Adapter and reads processing:
In the Atac library, Read1 may contain a fixed sequence at the end, which could include adapter sequences; the end of Read2 may contain the reverse complement of the fixed sequence and adapter sequences. We remove these contaminating sequences, and the length of the trimmed Read1 or Read2 needs to be longer than the set minimum length to ensure sufficient information for accurate alignment to the genome. If the length of Read1 or Read2 after trimming is shorter than the minimum length, we consider this read as an invalid read; if the length of Read1 or Read2 after trimming is greater than 50, we truncate the first 50bp of the Read1 or Read2 sequence; if the length of Read1 or Read2 after trimming is less than 50 but greater than the minimum length, we retain the entire sequence of Read1 or Read2.
estep2: Alignment
Sequence Alignment:
Use bwa mem to align the processed Read1 and Read2 to the reference genome.
astep3: Counting
Use SnapATAC2 v2.8.0 to process the BAM file output from astep2.
- Read the BAM file to obtain ATAC sequencing and mapping metrics.
- Generate the raw fragments file from the BAM file.
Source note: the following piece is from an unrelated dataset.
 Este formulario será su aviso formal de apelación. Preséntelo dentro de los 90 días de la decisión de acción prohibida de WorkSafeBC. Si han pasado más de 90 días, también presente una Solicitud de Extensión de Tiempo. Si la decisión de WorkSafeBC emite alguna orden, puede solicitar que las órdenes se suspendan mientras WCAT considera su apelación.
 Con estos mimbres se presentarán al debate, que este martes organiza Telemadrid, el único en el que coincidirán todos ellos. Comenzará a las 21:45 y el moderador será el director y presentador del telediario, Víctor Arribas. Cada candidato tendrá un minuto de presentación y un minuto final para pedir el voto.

Filter out mitochondria fragments to obtain the filtered fragments file.
- Generate an Anndata object from the filtered fragments file.
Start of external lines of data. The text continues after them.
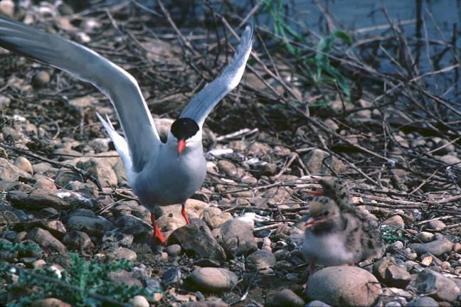 Nest is a unlined hollow on a beach or saltmarsh at the coast and increasingly in gravel pits; also takes readily to rafts
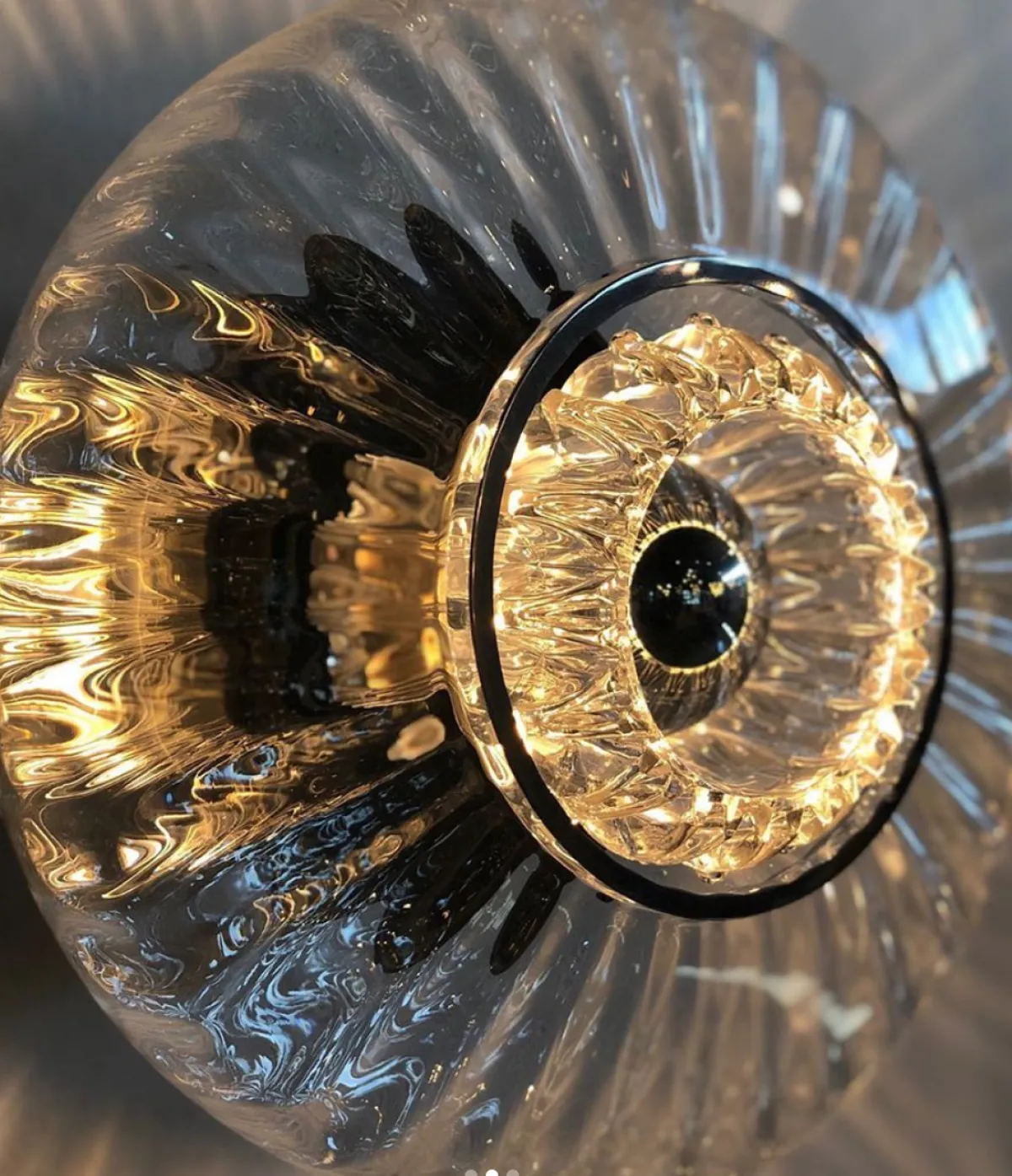 New Wave vegglampen er en ikonisk juvel for hjemmet ditt. Det optiske glasset kaster et vakkert bølget lys til veggen, som ingen andre dekorlys. Lampen kan monteres på både vegg og tak. New wave lampen er ett godt eksempel på hvordan en lampe kan skape ett helt rom. Alle lampene i New Wave serien er laget av munnblåste bølgete glass med med en håndmalt kant i gull.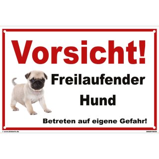 Vorsicht freilaufender Hund Schild mit Mops - Betreten auf eigene Gefahr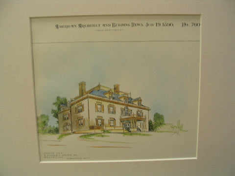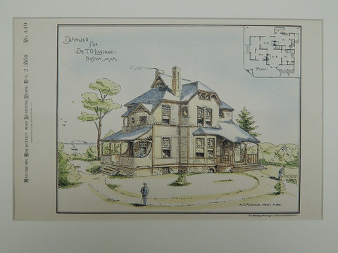 House for E D Jordan, Corey Hill, MA, 1891, Hand Colored Original

- Plot the distribution of TSS score.
- Use MACS3 to call peaks, filter duplicate peaks, and output to peaks.bed.
- Generate raw_peaks_bc_matrix dir based on peaks.
- Calculate metrics for each barcode and output to per_barcode_metrics.csv.
- Plot the distribution of insert sizes.
- Cell calling
- Generate filtered_feature_bc_matrix and filtered_peaks_bc_matrix.
- Calculate ATAC library metrics for cells and targeting.
Cell calling
IMPORTANT
If --min_atac_count
and --min_gex_count
are specified:
- Then determine the barcode as a cell if the UMI count is greater than the min_gex_count value and the events count is greater than the min_atac_count value.
If not specified:
- First, retain barcodes where the UMI count is greater than 1 or the events in peaks count is greater than 1.
- Then, filter barcodes where "the fraction of fragments overlapping called peaks" is less than "the fraction of genome in peaks".
- Deduplicates. Filter barcodes with identical UMI values and events in peaks values.
- Perform log10 transformation on the UMI values and events in peaks values of the filtered barcodes.
- Based on the transformed UMI values and events in peaks values, use the KMeans algorithm to divide the barcodes into two clusters. The cluster with the higher mean is identified as cells, while the other is not.
- Map the barcodes filtered out during deduplication to cells or non-cells based on the determination of the remaining barcodes.
astep4: Subsequent analysis
After the above steps, with the obtained cell expression matrix and ATAC matrix, we can proceed to the next stage of analysis.
Use Signac v1.14.0 to merge the cell expression matrix and ATAC matrix into a single Seurat object, Filter out features not in the database, then normalize the expression matrix and ATAC matrix separately, identify highly variable genes, perform dimensionality reduction and clustering, find differential genes, conduct WNN clustering, and finally calculate feature links.
Release notes
v1.0.0
Initial release
- Release of a stable version supporting standardized analysis workflow for ATAC multi-omics data.